At the corner, Dean turns, expecting to see the hallway the nurse first brought him and Ben down, the one that goes past the front desk, but that’s not what he gets.
Disoriented, confused, Dean stops dead. Takes one cautious step back. Peers down the hallway he had just come down.
The hallway is back the way he came, exactly as he had left it.
The same hallway is also right in front of him, a perfect replica right down to the cart of little plastic pee cups sitting against one wall.

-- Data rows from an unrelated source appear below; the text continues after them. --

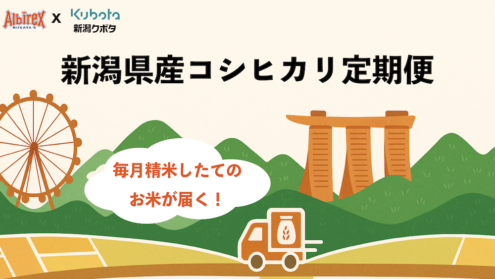 いつもアルビレックス新潟シンガポールにあたたかいご声援をいただきまして、誠にありがとうございます。このたび、皆さまからご好評をいただいております「新潟県産コシヒカリ(アルビ米)」に定期便サービスを新たに開始いたします。
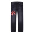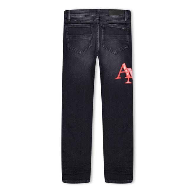 Amiri jeans feature a graphic print and a five-pocket design, offering a stylish straight fit. The jeans are adorned with a logo embellishment, adding a distinctive touch. They come with a zip fly and button closure, ensuring a secure fit. Perfect for those seeking a blend of fashion and functionality. -
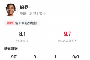 体育资讯5月9日讯 欧联杯半决赛次回合,曼联4-1毕尔巴鄂竞技,总比分7-1晋级决赛。本场比赛约罗首发出战,送出1次助攻,还有2次关键传球,4次解围,2次抢断,评分8.1。
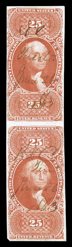 cancel, otherwise very fine a rarely offered pair.#R100a, $25.00 Mortgage, imperforate, horizontal pair, full to mostly large margins around, rich color, 1865 ms. cancels, slight break in the paper on the right stamp from the cancel, otherwise very fine; a rarely offered pair. (Image) $3,000.00

Dean doesn’t waste any more time gawking at the trickery. He turns back the way he came, not bothering to investigate this whole duplicated hallway thing, just focuses on grabbing Ben and getting the hell out of there. But right as he’s reaching for the doorknob of Ben’s exam room, his fingers only millimeters away, the lights flicker once, twice, and then the door into Ben’s exam room just vanishes from the wall.
He stands there, heart pounding, hand still extended, still reaching for the knob that is longer there.
Shit. He’s lost Ben.
At that point, Dean is more than a little panicked, but he gets a firm grip on himself. He’s faced down demons and archangels, handled alternate universes, Purgatory, and even Hell, so he’s not going to panic. He can handle a disappearing door.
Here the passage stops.